--- Data excerpt ---

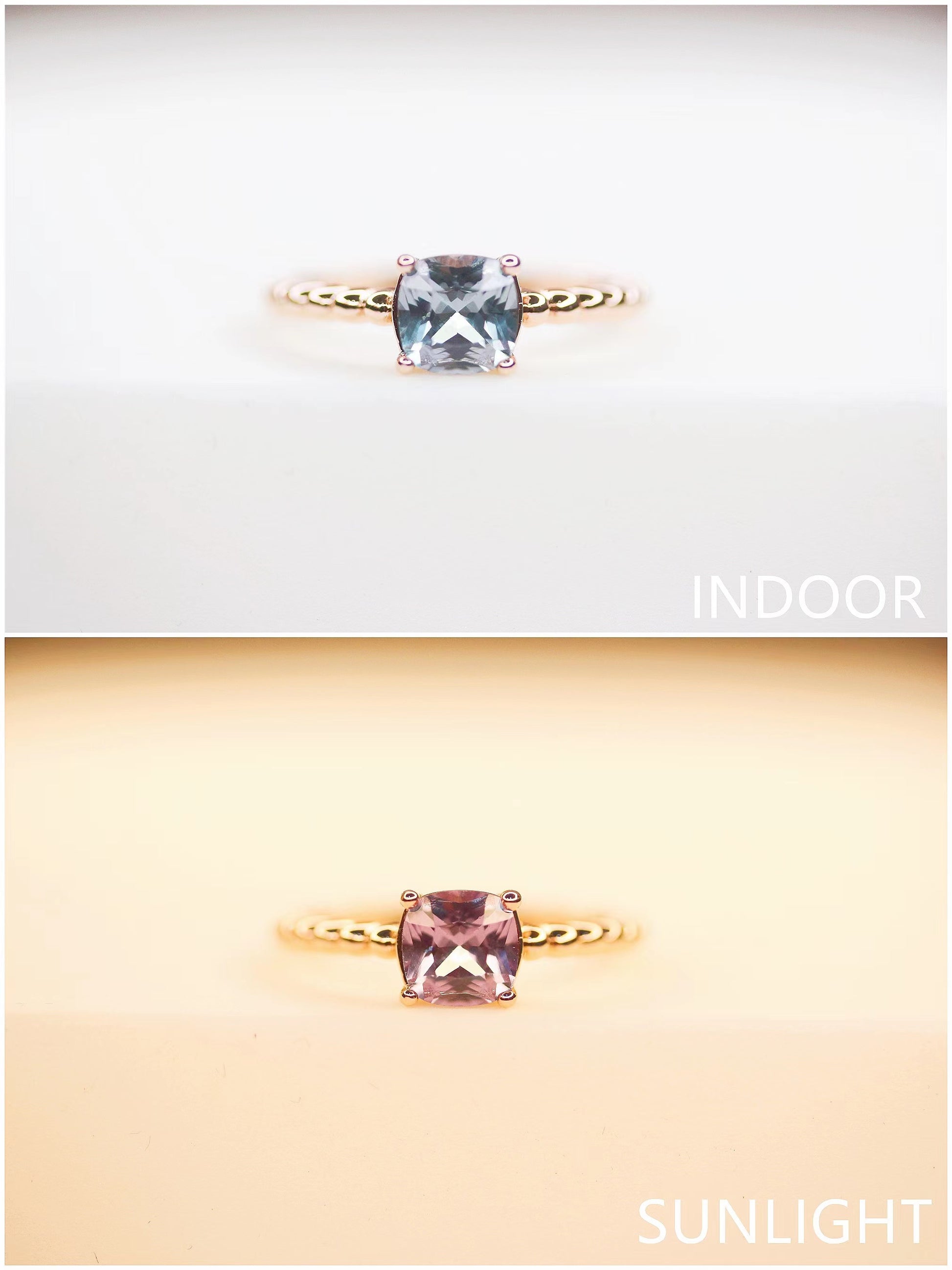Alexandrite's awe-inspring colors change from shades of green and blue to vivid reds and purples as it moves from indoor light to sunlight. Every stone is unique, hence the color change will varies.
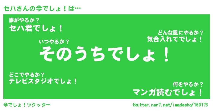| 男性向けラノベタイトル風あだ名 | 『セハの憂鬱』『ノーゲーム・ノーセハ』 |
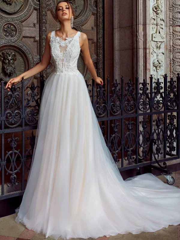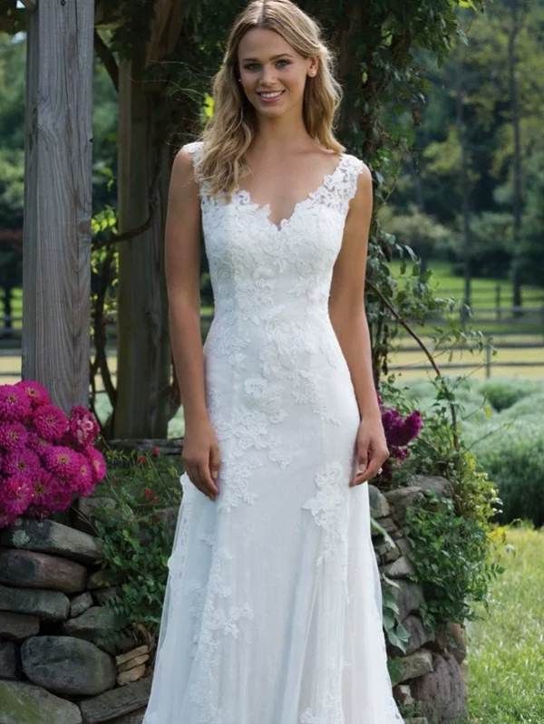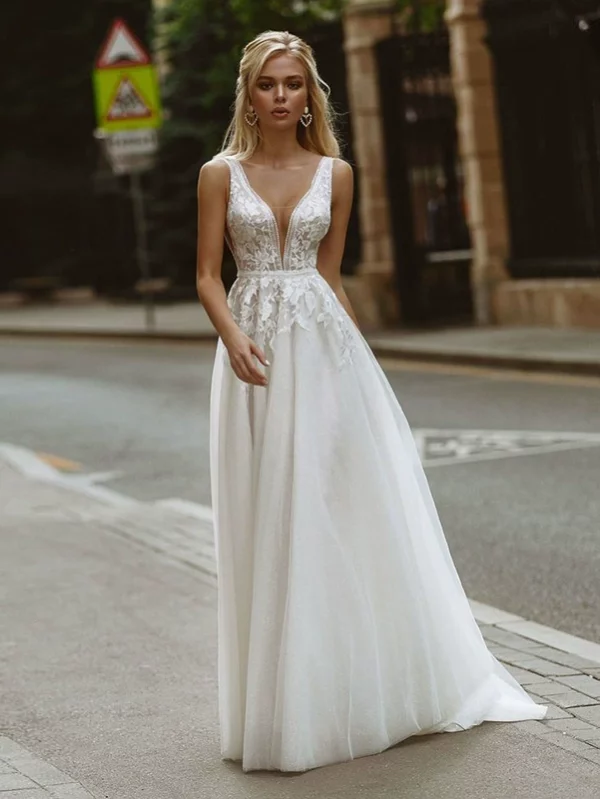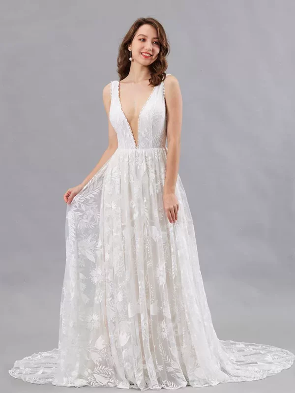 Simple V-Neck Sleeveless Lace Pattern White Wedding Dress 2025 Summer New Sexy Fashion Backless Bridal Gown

---

- _What the exercise asks_: The required output consists only of the lines from the one containing "男性向けラノベタイトル風あだ名 | 『セハの憂鬱』『ノーゲーム・ノーセハ』 |" to the last line of the material, reproduced exactly, pictures excluded.

- _Task response_:
| 男性向けラノベタイトル風あだ名 | 『セハの憂鬱』『ノーゲーム・ノーセハ』 |
 Simple V-Neck Sleeveless Lace Pattern White Wedding Dress 2025 Summer New Sexy Fashion Backless Bridal Gown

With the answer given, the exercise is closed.